HW5_605

jbrnbrg

September 25, 2017

library(tidyverse)
library(kableExtra)

HW5:

Choose independently two numbers \(B\) and \(C\) at random from the interval \([0, 1]\) with uniform density. Prove that \(B\) and \(C\) are proper probability distributions. Note that the point \((X_B,Y_C)\) is then chosen at random in the unit square.
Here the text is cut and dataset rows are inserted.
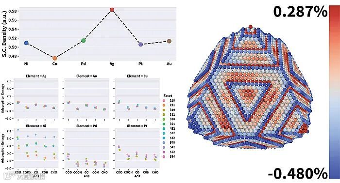 图1. 右:Ni (322) 高指数面纳米颗粒模型表面的原子受力分布映射。原子受到的张力性质以正负值作为区分:小于0时代表原子受到压缩应力,大于0时代表原子正受到拉伸应力。左上:后过渡金属的高指数面纳米颗粒强应力位点的峰值。左下:二氧化碳还原反应关键反应物在挑选的各金属高指数面纳米颗粒表面的吸附能。图片来源:Angew. Chem. Int. Ed.
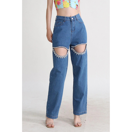 HURRY UP summer Sale is Live Buy 2 and get Discounts Offers High Rise Beading Cutout Straight Denim Jeans
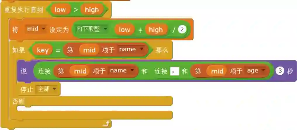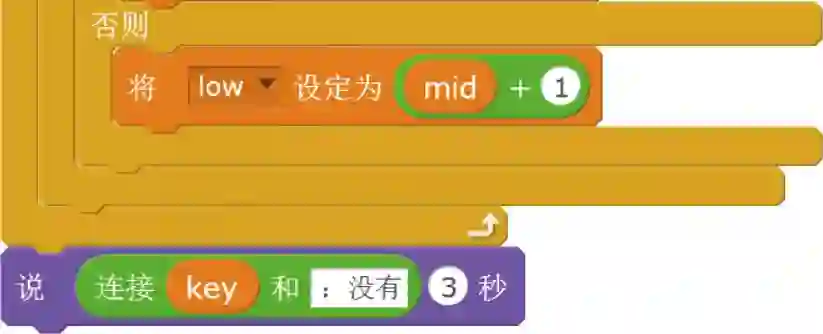 7. 如果直到low>high时依然没有找到 key,则说出“没有”。程序创建完成。
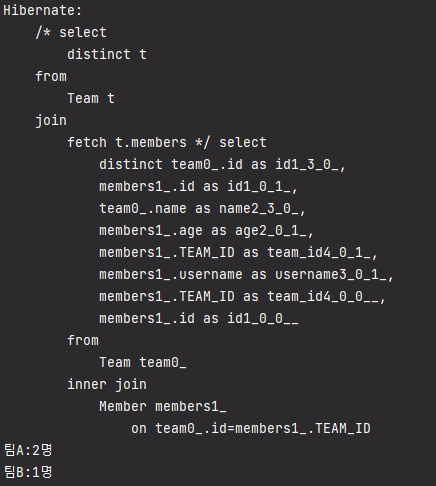 일대다 fetchjoin에서 distinct를 사용하면 같은 식별자를 가진 Team 객체를 제거해 주어 Team 정보가 중복되는 것을 방지할 수 있다.
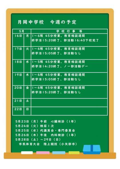 5月16日(月)〜5月22日(日)の予定です。

Find the probability that…

JB It’s a proper probability distributions because it’s it’s non-negative for all real values \([0, 1]\) and the area of the unit square sums to one.

a. \(P[B+C < \frac{1}{2}]\):

JB If I consider the the shape created by the distribution \(B+C\), it’s a triangle with whose hypotenuse is 2, bound by the function:

\(f_(x)= \begin{cases} x, & 0 \leq x < 1 \\ 2-x, & 1 \leq x < 2 \end{cases}\)

Since I’m looking for the area less than \(\frac{1}{2}\), I integrate: \(\int_0^{\frac{1}{2}} f(x)dx=\int_0^{\frac{1}{2}}xdx=\frac{1}{8}\)

b. \(P[BC < \frac{1}{2}]\):

JB If I consider the function that bounds the area covered by \(BC\) from \([0,1]\), I get:

\(f_(x)= \begin{cases} -ln(x), & 0 \leq x < 1 \\ 0, & otherwise \end{cases}\)

Since I’m looking for the area less than \(\frac{1}{2}\), I integrate: \(\int_0^{\frac{1}{2}} f(x)dx=\int_0^{\frac{1}{2}}-ln(x)dx \approx 0.8465\)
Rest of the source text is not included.